So like many of you I’m sure, I have a penchant for tracking my reading in multiple places – a bullet journal being one of them! It’s such a fun and creative outlet and today I wanted to share with you what things I track.
I first started doing this last year in 2021 and am upgrading, revising and continuing the endeavour in 2022. I find the visual method of tracking books really enlightening and it adds a level of accomplishment when you get to colour something in when you read that final page of a book.
So without further ado, let’s look at my categories for my bujo!
Year in Books Overview
This spread is the first spread in my journal and it’s where I keep a simple track of which books I’ve read in the year, the order I read them in and what star rating I give them.
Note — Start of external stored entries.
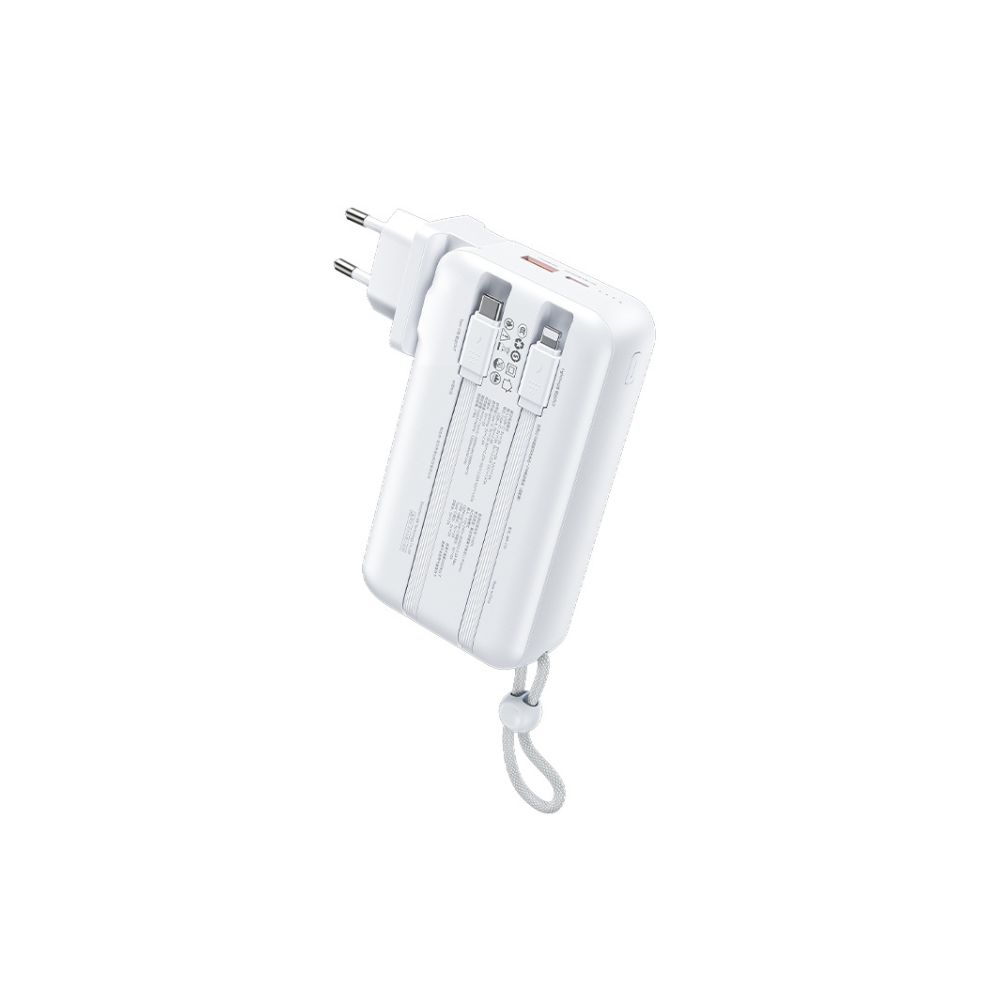 Ξέχνα τα μπερδεμένα καλώδια και τους χαμένους φορτιστές. Το WP-119 διαθέτει ενσωματωμένα καλώδια Lightning και USB-C, ώστε να είσαι πάντα έτοιμος. Το πτυσσόμενο φις πρίζας προσθέτει ακόμη μεγαλύτερη ευκολία — απλώς σύνδεσέ το και φόρτισε, χωρίς πρόσθετα εξαρτήματα.
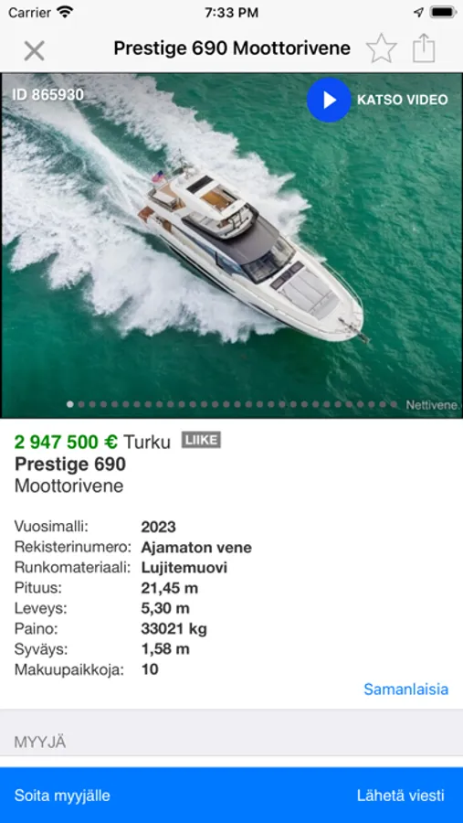 • Merkkaa vene myydyksi
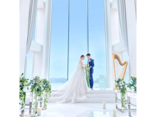チャペルリニューアル決定★【海と空をパノラマに望むチャペル】自然光降り注ぐチャペルの入場体験!ハープ・バイオリンの生演奏、チャペルムービーの感動挙式。リゾートの雰囲気と景色を楽しめる※140名着席可
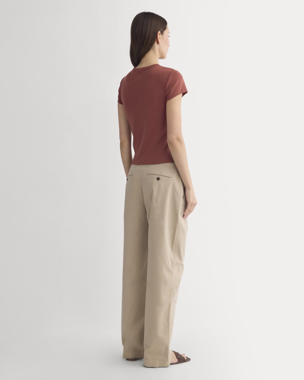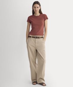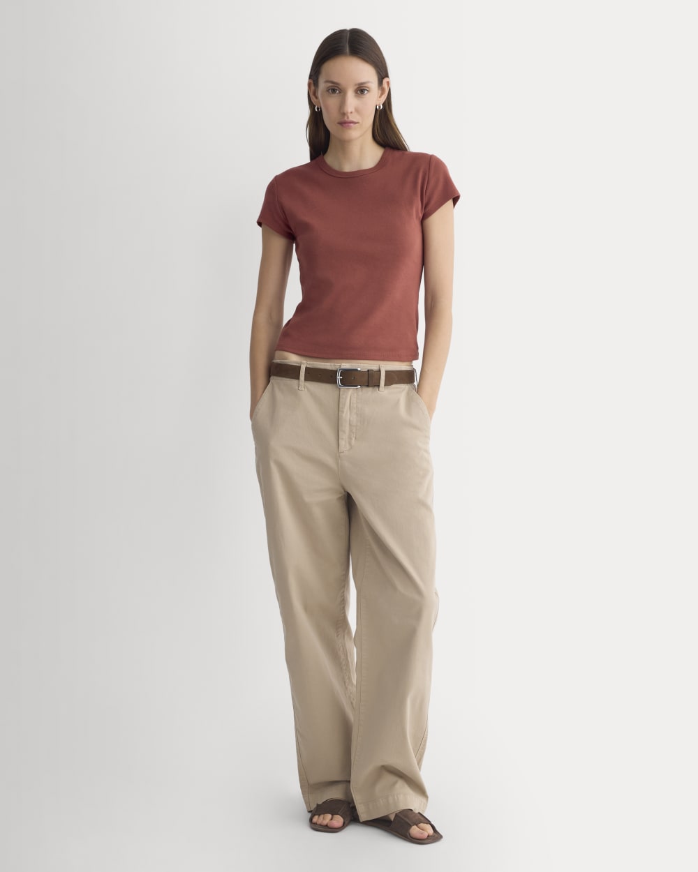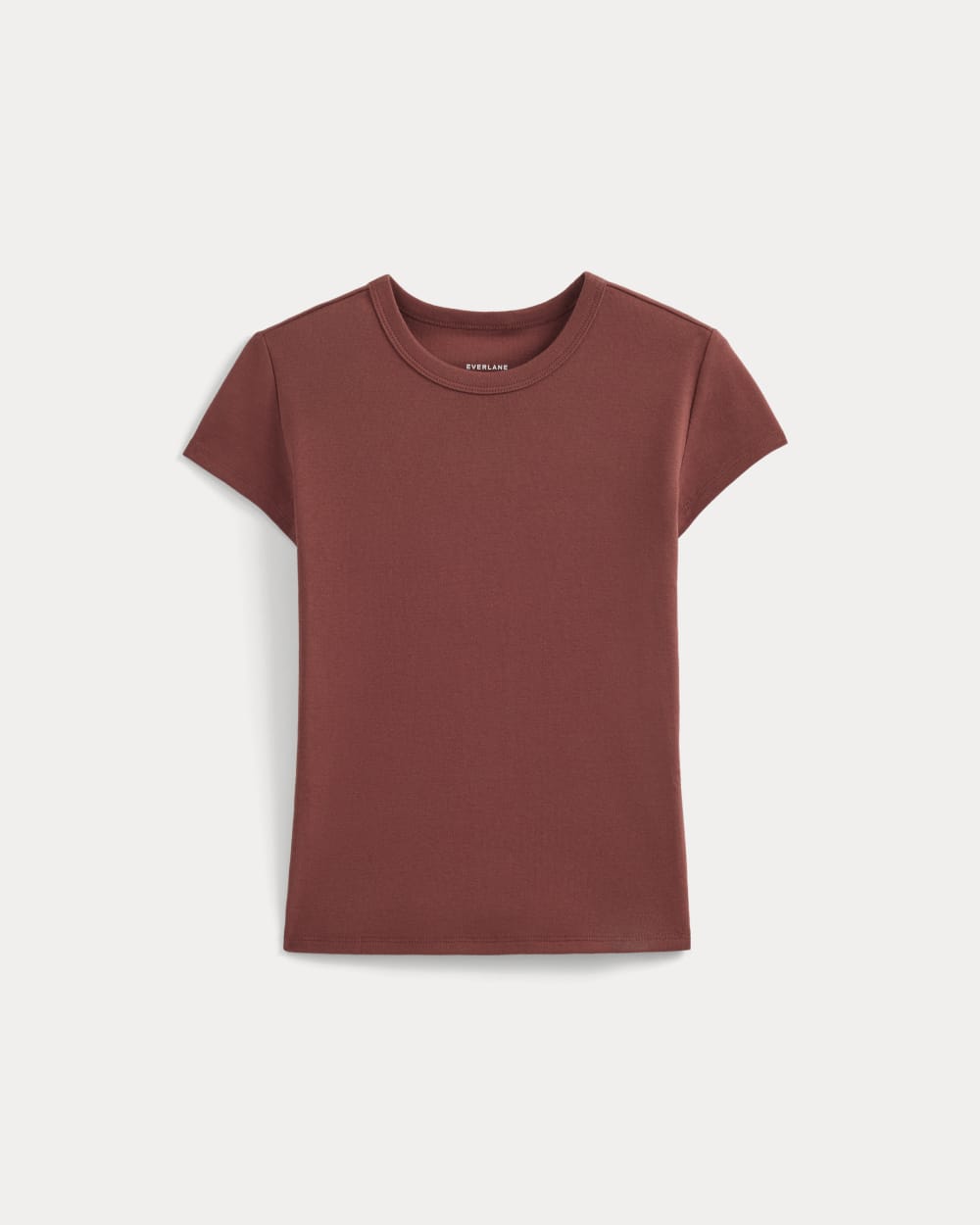 Bringing a new shape to your everyday tee, this fitted, crewneck tee is made with a certified organic ribbed cotton to softly hug the body. A go-with-anything tee, try it with boot-flare jeans, under a blazer, or with a midi skirt, for endless options.

I’ve used this design for a couple of years as I find it super fun and easy to take in. You’ll notice on this spread, as with others to follow, I haven’t quite finished colouring in some of the decorative elements, so do excuse that.
I like to allow myself a little bit more room than what I’m actually expecting to read. Last year I had the frustrating situation where I allowed room for X-many books, and then read more than that. So this year I have slots for 115 books, but I don’t expect to read that many.
The next thing I track is the genres I read. Again, I’ve stuck with this design for a couple of years because it’s nice and visual and an easy way to process what genres you’re reading most of. I don’t like subdividing categories too much (there’s only so much room, people), so for example, since photographing this I read a classic and realised I don’t have a slot for that genre, so I’ve turned Literary into Literary/Classic as they best go together.
Overall, it ends up still indicating what my preference is and where my reading sits. Usually, fantasy wins by a landslide and last year I ran out of room towards the end. I wouldn’t be surprised if that happens again this year, but I don’t worry too much if that happens because c’est la vie, sometimes you stuff up your bullet journal and it’s not worth the tears. But hopefully there’s enough space! Once again, this is colour-coded according to star rating.
The next thing I track are my favourites by month, eventually whittling it down to the favourite book of the year. This is something that is so fun to do as it’s like revealing to yourself slowly which books are making up the best reads of the year – and you have to wait until December to see the full picture!
I changed this design from last year, where I had a cute picture of Winnie the Pooh with a book on his head and each month was a thought cloud/bubble. As much as I liked it, I am particularly taken with these book outlines at the moment and so went for more of a library/academia vibe.
Dymocks 2022 reading challenge
This one is representing a particular external challenge I’m participating in. Dymocks is a local bookshop chain in Australia and this is their reading challenge for 2022. I’m expecting, given the sheer volume of books I read, that this will be quite easy to complete. You can see I’ve already ticked off quite a lot.
I didn’t wrack my brain to expend too much creative juice on this one. It’s a simple cross-check with a pin wheel of process, which is delightfully fun to colour in.
300 TBR challenge tracker
Okay, here’s a new one I did this year! I’ve subsequently then almost made this redundant because I’ve put my book-buying ban on hold, and that is what this is for. I drew book outlines to fill in with books I read that actually diminish my TBR, and then left a grassy space at the bottom to draw a tree for every book I buy (a.k.a. the books working against the goal of reducing my TBR).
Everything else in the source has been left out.